Whole Foods-anchored Union Denver achieves a 2.20% rental rate premium. Rendering courtesy of Holland Partner Group.

Most people in real estate are familiar with the “Whole Foods Effect”—the premium added to the value of apartments that have a Whole Foods on the ground floor—but the actual numbers behind that effect may not be clear. A recent report from RCLCO Real Estate Advisors demonstrates how the effect has held up over time.

In 2016, RCLCO sought to understand what effect the presence of a Whole Foods has on the value of an individual real estate investment from the perspective of the owner or a developer—questions that had, until the analysis, largely gone unanswered. In its 2016 analysis, RCLCO found that ground-floor Whole Foods tenants add value to developments by driving rental premiums, enhanced absorption, and accelerated rent growth.

Since the analysis in 2016, the high-end grocer market has changed in ways small and large, prompting RCLCO to reexamine the findings of the prior analysis. Two important questions emerged: first, since its acquisition by Amazon, has Whole Foods’ impact on apartment performance changed in recent years? And second, are other premium grocers, including up-and-coming or regional brands, able to replicate the success of Whole Foods as ground-floor tenants and drive similar premiums for apartment communities?

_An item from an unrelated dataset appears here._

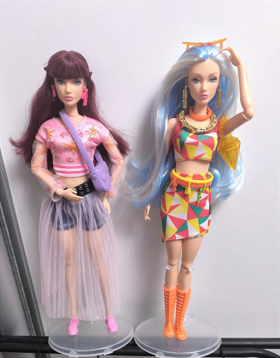 Всем привет, наконец у меня появилось желание обратить свой взор на двух девчонок, которые поселились уже давненько. Одну я периодически переодевала, вторую вообще не трогала, потому что и так нравится. Вот и они: Первая это Мишель, такая немного спортивная девчонка. А вторая Дафна (оранжевая), которую я купила первой и скажу сразу, что она моя фаворитка. Вот только удачнее на фото мне кажется получилась всё таки Мишель :) Возможно, я ошибаюсь. Итак, Дафна. Богатая, но очень молодая девушка, явно любит блеск золота и гламурные образы. Кстати, об образе. Её оригинальные сандалии конечно кхм "моё почтение"... Ощущение. Что ни одна одежда с ними не будет сочетаться, кроме её наряда. Думала ей прикупить какое-нибудь золотое платье, но вот что делать с обувью я без понятия, ведь искать туфельки или босоножки на плоскую стопу это жесть😐 Кстати многие в отзывах к этой кукле (да и по фото людей видно) писали, что у этой мадам часто вмятина от очков. Потому что в коробке она именно в них была

Some of this report’s findings include:

  • Apartment communities with a Whole Foods on the ground floor achieve, on average, a rental rate premium of 5.8% above comparable apartment communities in the immediate local area, after adjusting for qualitative and quantitative differences among these communities. This represents an increase of 1.5 percentage points relative to RCLCO’s findings in 2016, Whole Foods buildings earned only a 4.3 % premium.
  • Union Denver apartments, which has a Whole Foods on the ground floor, achieves a 2.20% rental rate premium, compared to area comps.
  • Communities with a ground-floor Trader Joe’s earn the same premium—5.8%—as those that contain a Whole Foods. In 2016, the gap between buildings with Trader Joe’s and Whole Foods was significantly wider—Whole Foods buildings achieved a 4.3% premium, which is one percentage point higher than the 3.2% achieved by Trader Joe’s buildings. However, over the past several years, that gap has diminished, with Trader Joe’s conferring a comparable premium to apartment rents as Whole Foods.
  • Other Premium Grocers, which were not included in the 2016 analysis, drive a lower—but still meaningful—premium of approximately 3.3%.